D’autres menaces inquiétantes

L’arrivée de nouvelles espèces envahissantes laisse aussi planer un doute sur l’avenir des érables, notamment dans le sud du Québec. Par exemple, le longicorne asiatique, présent au sud de la frontière depuis une trentaine d’années, s’attaque de manière préférentielle à l’érable et pourrait éventuellement s’établir au Québec, d’après Christian Messier, qui ajoute que le froid procure une protection extraordinaire contre les insectes.

Les échanges commerciaux accrus, entre autres avec la Chine, augmentent également les risques qu’un insecte ou une maladie migre au pays, à bord d’une palette de bois, par exemple. « On retrouve plus de 70 espèces d’érables dans le nord de la Chine », dit-il en soulignant que les Chinois n’ont jamais mis en valeur le sirop d’érable bien que leur climat le permettrait. « Les érables québécois n’ont aucune résistance contre les maladies et insectes qui ont évolué là-bas. »

La biodiversité à la rescousse

Que ce soit le manque d’eau, les coups de vent ou encore les insectes ravageurs, il semble qu’une mesure rende les forêts plus résilientes : favoriser la diversité des espèces. « Les espèces compagnes ont de nombreux effets bénéfiques en permettant d’augmenter la résilience de l’érable », fait remarquer Christian Messier.

Ainsi, les chênes, les noyers, les micocouliers et les pins blancs consomment moins d’eau que les érables, plus sensibles à la sécheresse.
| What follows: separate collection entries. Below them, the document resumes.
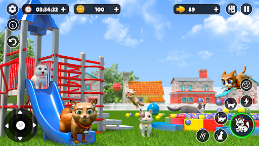 Play as a real cat in virtual cat pet cat simulator, explore huge houses and awesome park in virtual kitty cat games. Choose different cats and dress them as you like, try yourself in time challenges, break multiples objects, annoy the humans in virtual cat simulator pet game. Play with other kittens in the park, have fun and family in cat games! You can use the joystick on the left to move your cat, jump button on the right to make it fly and swipe to look around. Style your cat the way you want! You can choose from many different hats, funny glasses, collars and cute shoes to upgrade your cute kitty in pet cat family games. Just use the arrows to pick your outfit before the game and go show off! You can use the hit button on the right to smash objects with your awesome cat powers. Take cute cat on a walk, bathing cute cat, enjoy shopping with your cat, cleaning messy house & many more exciting missions in kitty games for pet cats in cat pet games.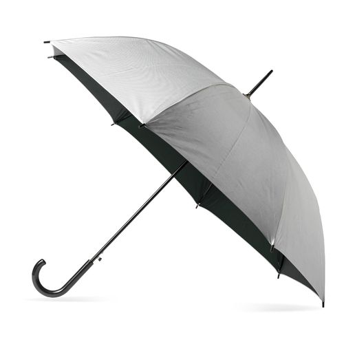 Guarda-chuva automático, em P-190T prateado, cabo em plástico. Com uma combinação de cores contrastante, em que o prateado é sempre o elemento comum, este guarda-chuva é uma ótima opção para gravação. Com pega em “J” e abertura automática.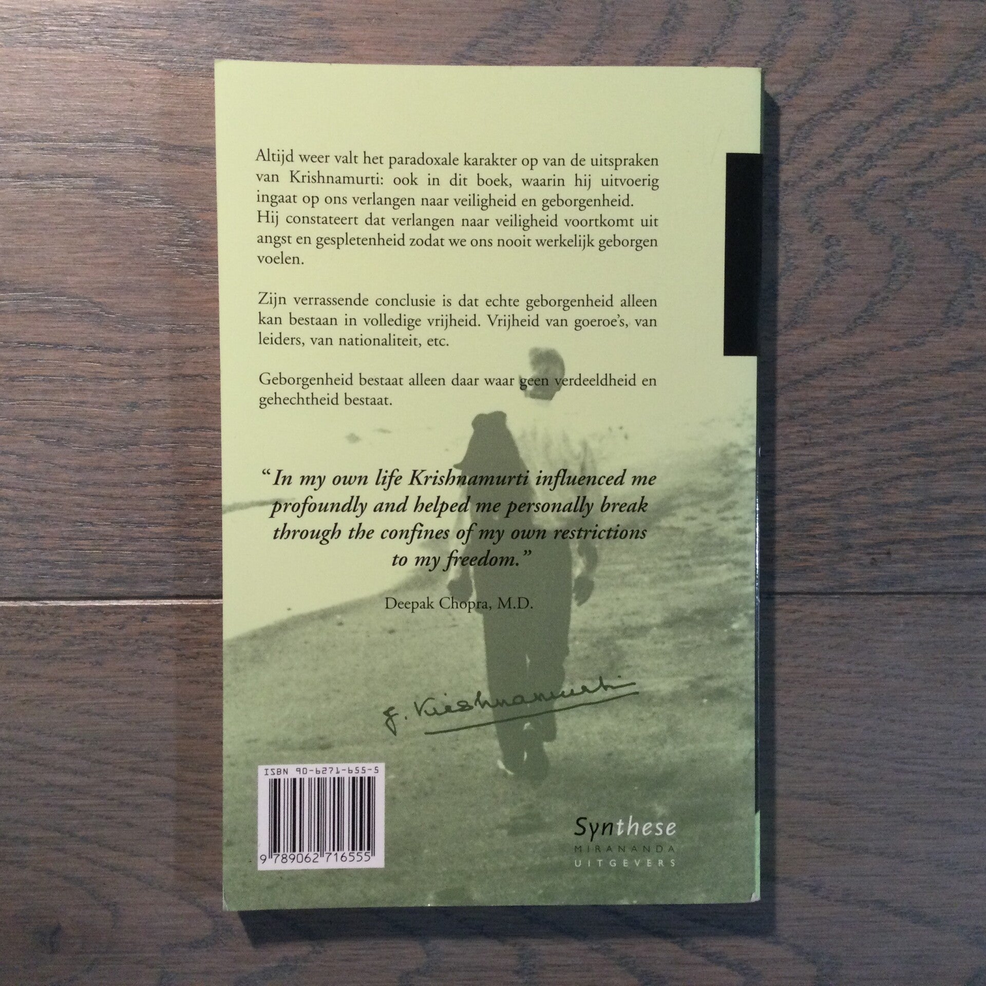 Altijd weer valt het paradoxale karakter op van de uitspraken ban Krishnamurti: ook in dit boek, waarin hij uitvoerig ingaat op ons verlangen naar veiligheid en geborgenheid. Hij constateert dat verlangen naar veiligheid voortkomt uit angst en gespletenheid zodat we ons nooit werkelijk geborgen voelen.
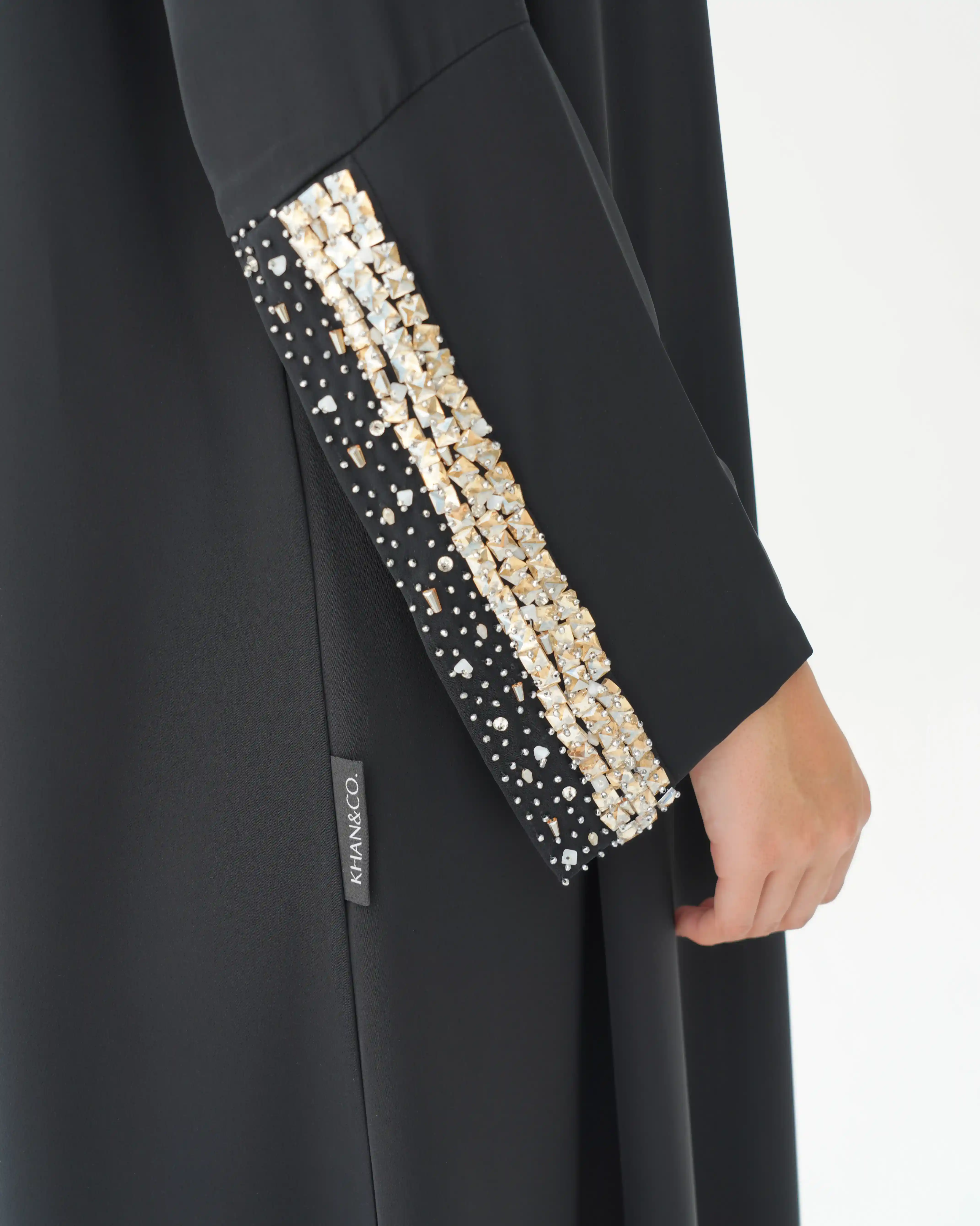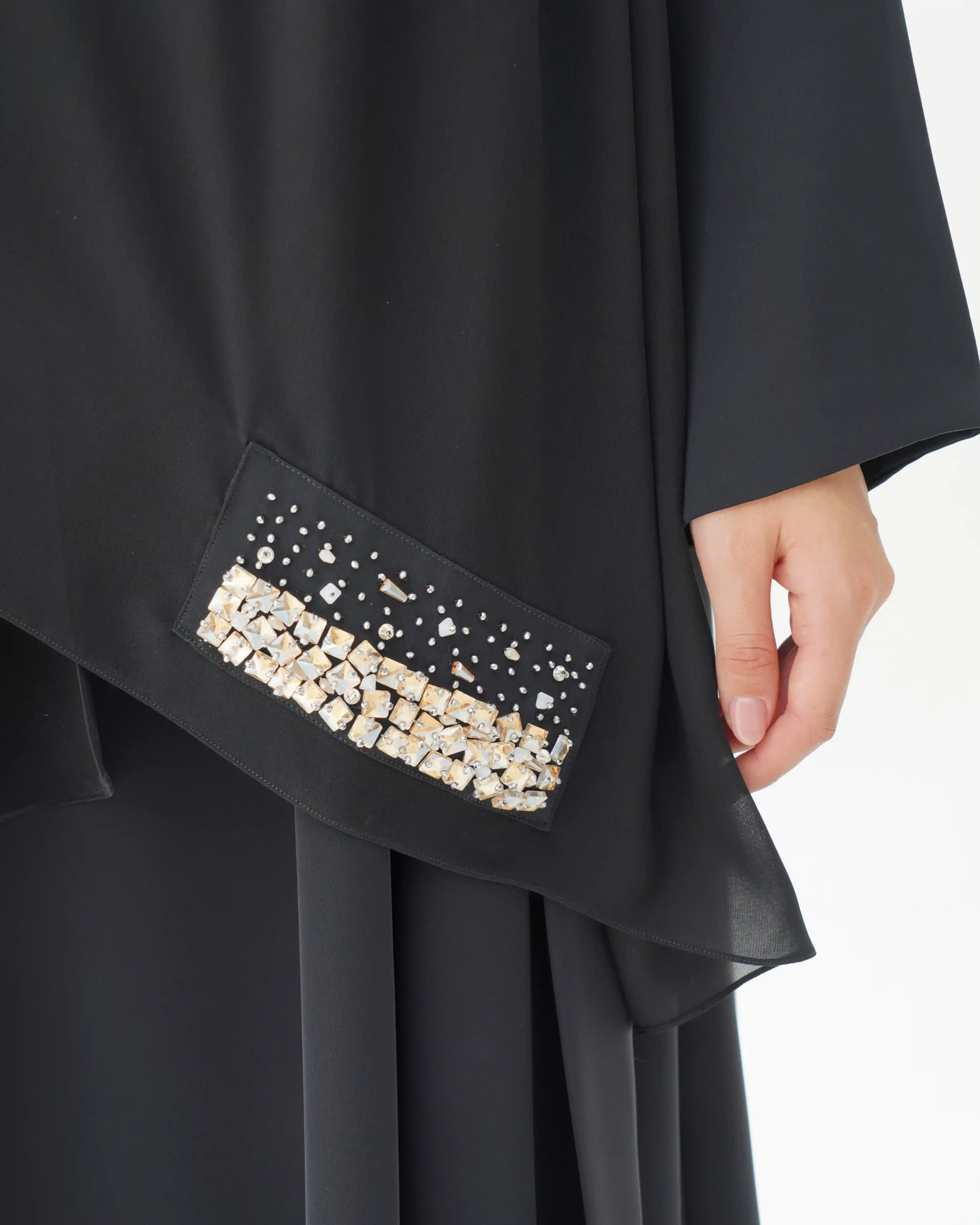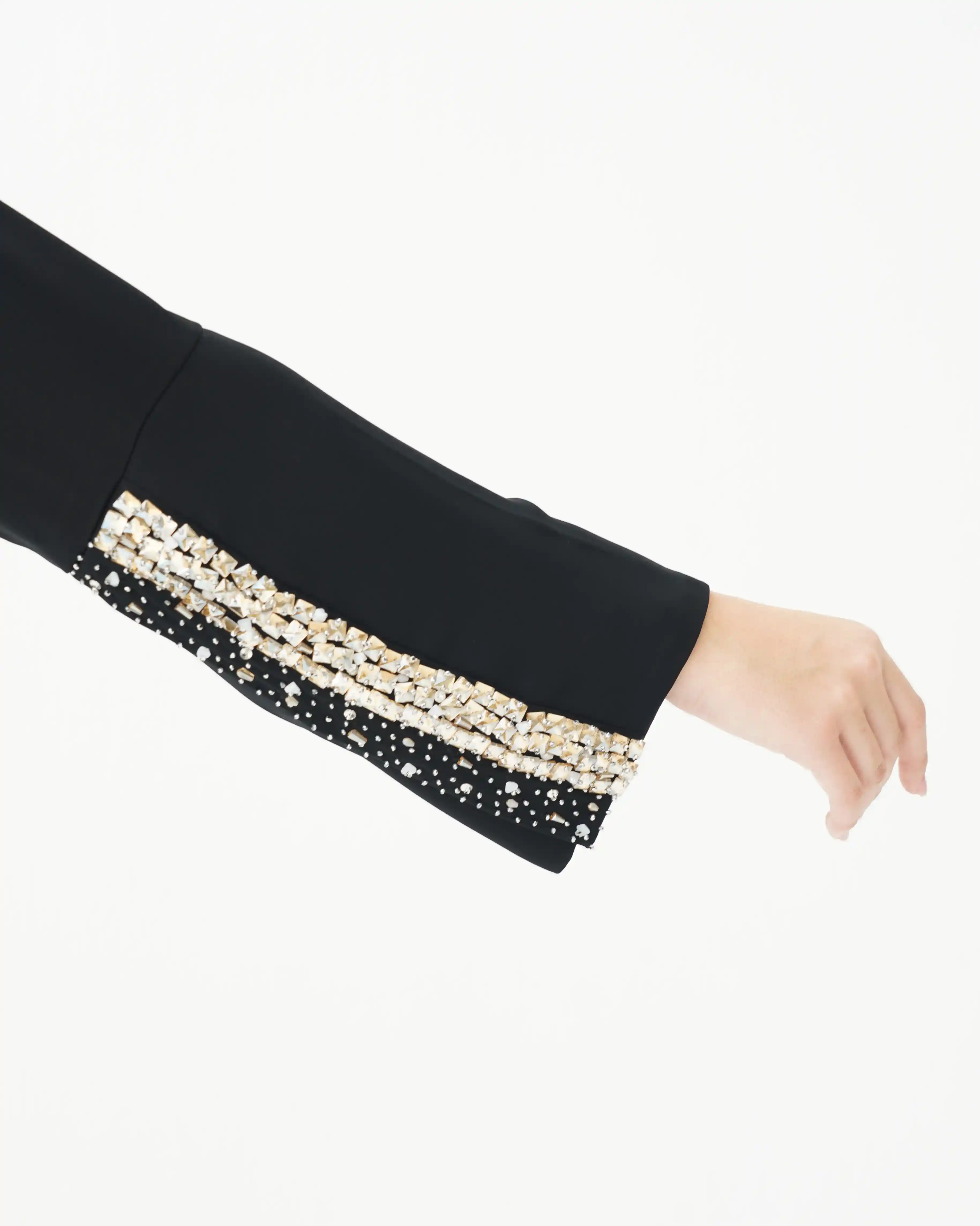 • تطريز بالكريستال بلون الذهبي مدموج بالخرز بشكل يبدأ مصفوف ويتناثر تدريجيا في طرف الكم.

D’autres espèces comme le tilleul, le bouleau, le peuplier et le caryer haussent le pH du sol, ce qui le rend plus favorable à l’érable à sucre.

La diversité des espèces augmente aussi la diversité des bactéries et microorganismes. « Plus il y a de prédateurs naturels présents, plus il y aura de défense si une épidémie se présente. La diversité est une alliée de la préservation », ajoute Christian Messier.

Dominique Gravel et Sergio Rossi estiment eux aussi que la biodiversité permet de rendre les érablières plus résilientes.

Selon Dominique Gravel, l’aménagement forestier – évolution des techniques de récolte, nouvelles plantations, rôle accru des espèces compagnes, etc. – pourrait jouer un rôle clé dans le maintien des populations d’érables et leur migration vers le nord… si c’est ce que l’on souhaite faire au Québec. Car, conclut-il, « il y a beaucoup de débats pour savoir si on doit accélérer la migration des espèces, dont l’érable ».